The fight to release the Post-1901 Census Returns is still not over. Gordon Watts, co-chairman of the Canadian Census Committee, is working hard to make sure that Canadian parliamentarians get the message by sending petitions to members of parliament as well as members of the Senate, for it is up to them to make sure that the proper legislation is passed so that this material can be released to researchers. Canada's law says that a census must be taken every 10 years, and so far, only Canadian national censuses up to 1901 have been released. The website is (http://www.globalgenealogy.com/census).

5. Provincial Archives Increase Online Records

There has been an explosion of genealogical archival records on the Internet. In addition to the Library and Archives of Canada and the Canadian Genealogy Centre, every provincial and territorial archive has increased their databases. For more information on these archives , please visit (http://www.genealogy.gc.ca/09/0902_e.html).

6. Directorate of History & Heritage Website Launched by Canadian Forces

Launched in 2004, the website (http://www.forces.ca/hr/dhh/engraph/home_e.asp) is a Department of National Defence/Canadian Forces website for history, heritage, traditions, military honours, museums, and music systems within the military. It is host to "Today in History" and a "National Inventory of Canadian Military Memorials".

7. Ancestry.com Adds Canadian Content

This website has increased it researchability by adding Canadian content to both its online database section and its research section. Start with a click on the "Search Records" at the top of the page and choose the Canadian region you wish to find out about. The resources are listed on the website, e.g. local history, births, marriages, deaths, wills, and family history.
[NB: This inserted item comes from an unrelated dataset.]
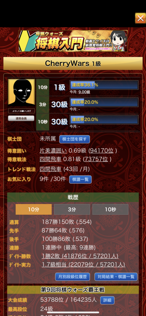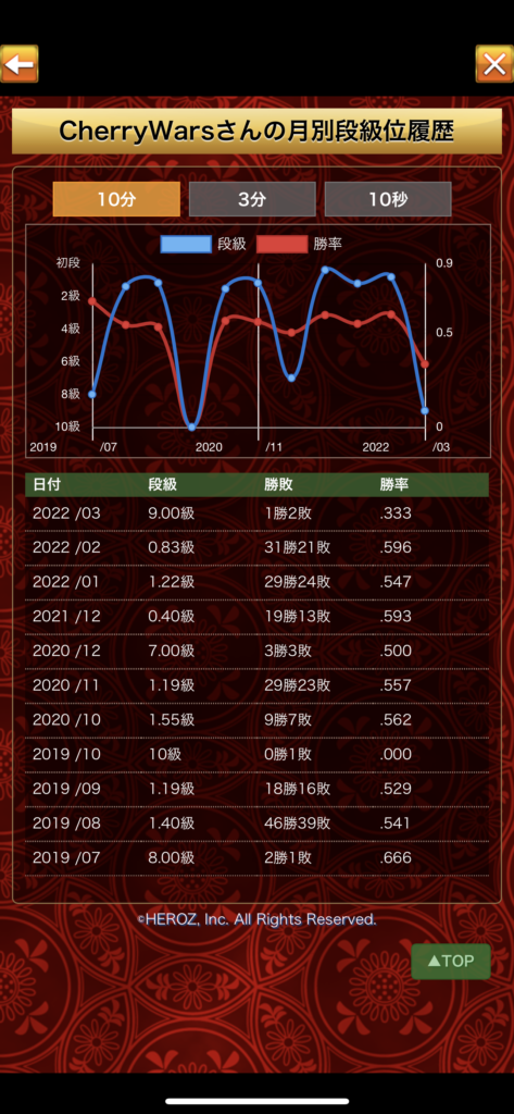 1月は長期出張だったので調子が下がってましたが、少し盛り返しました。それにしても歳のせいかなかなか上達しません。しかし、青い線をよく見ると少しずつですが、上がっているので、この調子で頑張ればいつかは初段になれるかも。
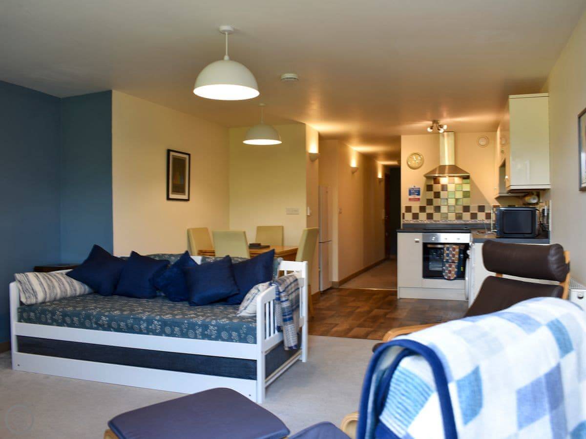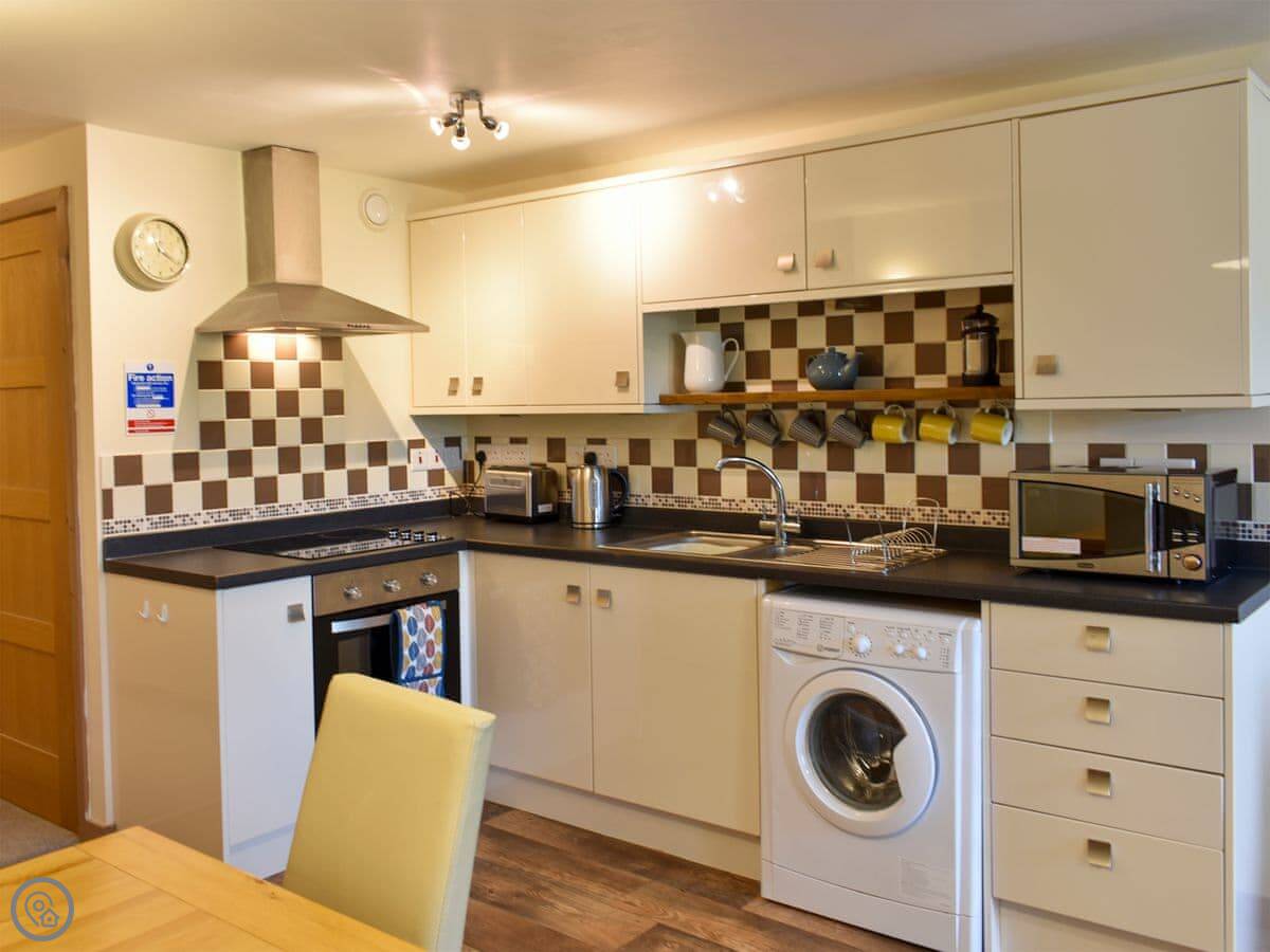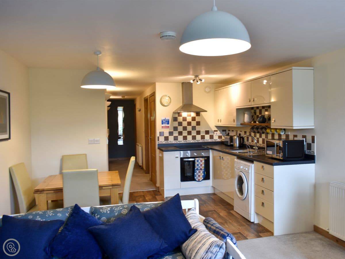 The design is open plan downstairs. The front door and the bathroom are both wheelchair accessible. There's a washing machine, WiFi, and towels and bedding are provided.

8. Canada Celebrates 400th Anniversary with France

It has been 400 years since Samuel de Champlain sailed over the St. Croix, an island in the St. Croix River between New Brunswick and Maine. This year, Canada and France had extensive celebrations to commemorate the occasion. The next year, Champlain sailed across the Bay of Fundy and secured a settlement at Port Royal. In 2013/2014, Canada will also celebrate the further explorations of Champlain in the St. Lawrence and Ottawa Rivers. Samuel de Champlain's story, in an interesting book-like format, is found online through the Museum of Civilization's Virtual Mueum of New France exhibit at: (http://www.civilization.ca/vmnf/expos/champlain/indexeng.htm).

9. OurRoots.ca Puts Canadian Local History Online

If researching your family roots, make sure that you pay a visit to this site to see if a history of the locale being researched has been placed online. Place the province in the search engine to see if there are books on the province, and then simply read them online. The books are also printable.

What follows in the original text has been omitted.